A far-off tinkling could be heard as we rounded the first bend, which soon escalated into a full-fledged cowbell orchestra at the height of rehearsal. Now, when I think of cowbells, I generally think of the classic, four-sided bell with a flat, hollow klang. On this dairy farm, the cows were belled with instruments of all sizes and pitches. A jingle here, jangle there, ding-a-ling to the left, and proud, sonorous dong to the right. All this raised questions such as "Does this affect their hearing?", "Can they identify each other by their bells?", "Can farmers identify them by their bells?", "Do they get used to it?" and "How do they not go absolutely bonkers?" -- I know I would if there was a bell strapped to my neck that rang with every move.

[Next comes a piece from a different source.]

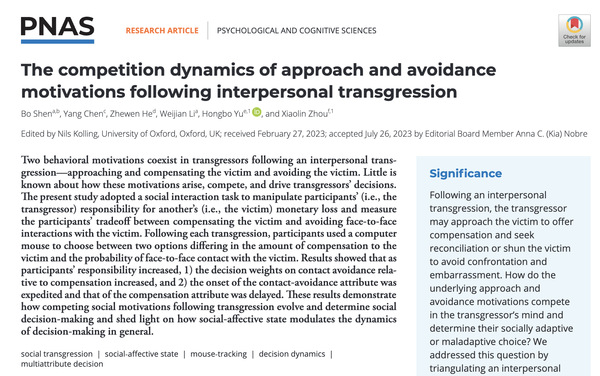 近期,浙江师范大学心理学院周晓林教授和李伟健教授团队在国际期刊Proceedings of the National Academy of Sciences (JCR Q1; 中科院一区) 在线发表了题为The competition dynamics of approach and avoidance motivations following interpersonal transgression的学术论文。本研究揭示了人际伤害之后施害者关于趋向和回避两种动机的时间竞争过程。
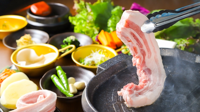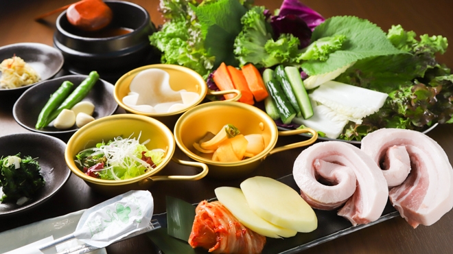 素材にこだわり、熟練のシェフが手掛ける高級韓国料理のお店です。特におすすめなのが、8種の旬野菜・日替わりおかず・お肉が付いたヘルシーなサンパセット。お肉は、鹿児島県産の生豚肉を使用したサムギョプサルなどからお選びいただけます。ほか、タンスユックやジャージャン麺など韓国風中華料理もぜひお試しください。モダンで落ち着いた雰囲気の店内にはテーブル席のほか掘りごたつもあり、ゆったりとお過ごしいただけます。

I didn't have my video-enabled camera with me, but the youtube has a pretty good representation of the valley soundtrack.





Eventually the trail wound up and out of its bovine lair, became rockier and lined with dirty patches of snow still leaking cold air. Goosebumps ensued, quietly. Soon the only sound was that of the gushing stream, fed here too by seasonal waterfalls.



The trail ended (at least for us) in a soggy meadow at a stone cabin open for travelers. By the state of the dust and spiderwebs inside, it was clear that the only residents in the winter and thus far early spring were those with 8+ legs. Four bunkbeds were perfect for small hiking parties, but in a sorry enough state that I preferred to nap outside.


 

The only soul to cross the path before reaching the farm again was a female alpine ibex. She literally crossed the path in front of us, cleared the stream with a clicking of heels, and observed us from the bank before adroitly making her way up the steep and stony mountainside. None of the pictures I took came out well, so you'll just have to imagine her sturdy form on this ancient landscape:




The sun had made itself scarce for a while, but came out to play again as we descended.






It appeared that one of the buildings in the valley was a café of sorts, or a "Jausenstation" ("snacking station") in those parts. We walked in for further investigation and walked back out with strudel, coffee and a giant mug of fresh milk.



Full and fully satisfied with the adventure, we hiked back to the car and slowly made our way home. The road was much obliging with views of the Zillertal headed north and of our apartment across the valley on this patch of mountainside:



Once home, the light show continued over the Zillertal, viewed to the south.



After dinner was decided, the only query remaining was: "Where to next?"